Sunday, August 14, 2016

USA Gymnastics accused of ignoring years of sexual abuse allegations against coaches.

The 2016 Olympic Women's Gymnastics team.
Courtesy of the Indy Star:

Top executives at one of America’s most prominent Olympic organizations failed to alert authorities to many allegations of sexual abuse by coaches — relying on a policy that enabled predators to abuse gymnasts long after USA Gymnastics had received warnings. 

An IndyStar investigation uncovered multiple examples of children suffering the consequences, including a Georgia case in which a coach preyed on young female athletes for seven years after USA Gymnastics dismissed the first of four warnings about him. 

In a 2013 lawsuit filed by one of that coach’s victims, two former USA Gymnastics officials admitted under oath that the organization routinely dismissed sexual abuse allegations as hearsay unless they came directly from a victim or victim’s parent. 

Legal experts and child advocates expressed alarm about that approach, saying the best practice is to report every allegation to authorities. Laws in every state require people to report suspected child abuse. 

“USAG failed at this,” said Lisa Ganser, whose daughter filed the Georgia lawsuit, which is still being argued. “USA Gymnastics had enough information, I think, to have done something about this. It didn't have to happen to my daughter, and it didn't have to happen to other little girls.”

I have to admit that I have only paid minimal attention to the Olympic this year, until recently when the Gymnasts started competing.

As some of you may or may not know I was a mediocre gymnast myself in high school and a gymnastics coach in my thirties.

I will still argue that pound for pound the strongest athletes in the world are gymnasts.

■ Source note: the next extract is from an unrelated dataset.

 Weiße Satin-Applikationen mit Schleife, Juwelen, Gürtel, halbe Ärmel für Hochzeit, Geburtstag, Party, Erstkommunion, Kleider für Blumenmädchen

I mean sure power lifters can sometimes bench press over 800 pounds, but just ask them to press up to a handstand or pull their bodies up into an iron cross the rings. THAT takes real strength, and the use of muscles that many athletes will never be asked to develop.

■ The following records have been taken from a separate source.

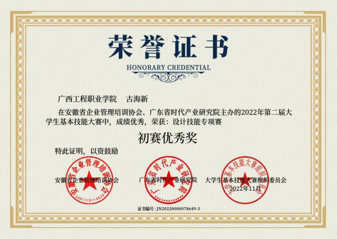 設(shè)計技能證書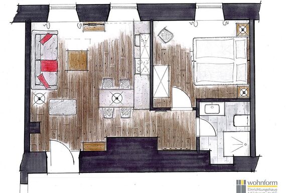 Diese Ferienwohnung für 2-4 Personen verfügt über ein zentral in der Wohnung gelegenen Wohnbereich mit integrierter Küche mit Essbereich und einem separaten Schlafzimmer. Sie verfügt über eine Küche mit Kühlschrank, Spülmaschine, Ceran-Herd, Wasserkocher, Toaster und Kaffeemaschine sowie ein Bad mit Dusche und WC.
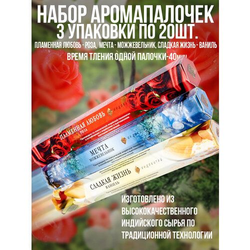 Найти - Аромапалочки Индокитай. Набор из 3 упаковок по 20 штук: роза, можжевельник, ваниль.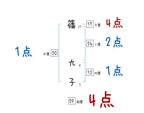 篠九子さんの画数の鑑定結果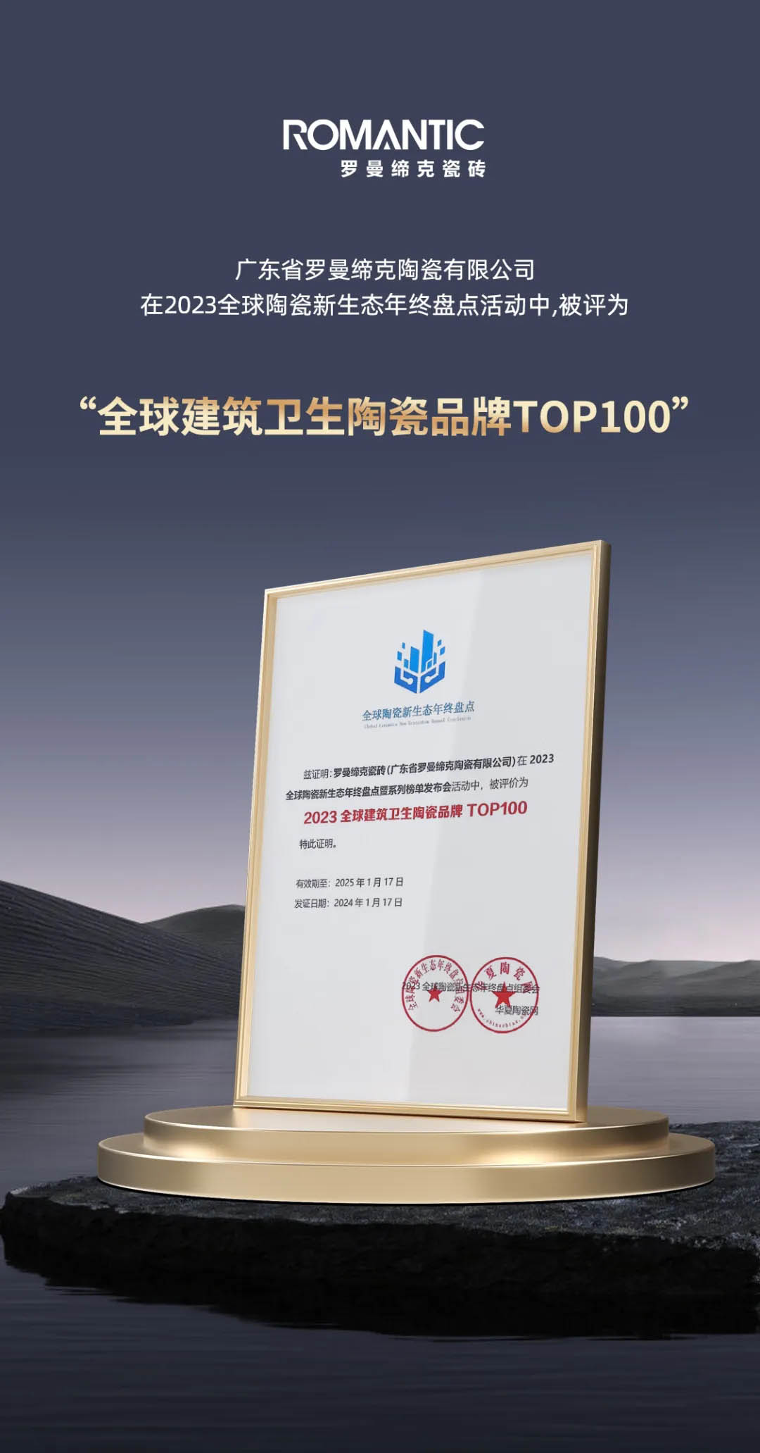 1月17日,增長的秘密——2023全球陶瓷新生態(tài)年終盤點暨設(shè)計驅(qū)動產(chǎn)品供應鏈論壇在中國陶瓷總部劇場隆重召開?,F(xiàn)場舉行系列榜單發(fā)布暨頒獎禮,羅曼締克瓷磚憑借卓越的品牌實力、創(chuàng)新的產(chǎn)品與技術(shù),榮獲“2023全球建筑衛(wèi)生陶瓷品牌TOP100”及“2023年度高增長品牌”雙項榮譽。

One of the first things I learned was that as a gymnastics coach the most important thing you have to establish with your athletes is a sense of trust because they quite literally place their lives in your hands.

More than perhaps any other sport there is a great deal of physical contact between the coach and the athlete because you have to physically assist them through their rotations, catch them when they fall, and even pick them up and place them on the equipment in certain circumstances.

For that reason as a coach you must conduct yourself with unwavering professionalism.

But even then there are incidents where hands can end up in the wrong places.

While still in high school I was once asked by the female coach to come into the gymnastics room to help spot a girl who was attempting a release move on the uneven bars. (Part of the deal I made for access to the gymnastics equipment was to be on call during the girl's training sessions and I did spot the girls fairly often.)

This time the young woman missed her grab and plummeted face first to the mat.

I was standing there and I managed to catch her before she hit, but in doing so I grabbed her by one of her boobs and between her legs. NOT, by the way, the appropriate manner in which to spot somebody according to the coach's manual.

I was incredibly embarrassed, and apologized profusely.

But she told me not to worry about it and that if I had not caught her she would probably have broken her nose or been knocked unconscious.

The point is that coach's have to be paragons of virtue in order to gain a gymnast's trust, ESPECIALLY if you are a male coaching young girls.

So for these young women to have been subjected to this abuse, when they desperately needed to trust their coaches, is incredibly shameful.

And it needs to be dealt with quickly and the young women entering this highly competitive atmosphere need to know they are protected and that their voices will be heard if they feel unsafe. And that reporting something like this will not endanger their standing or interrupt their training.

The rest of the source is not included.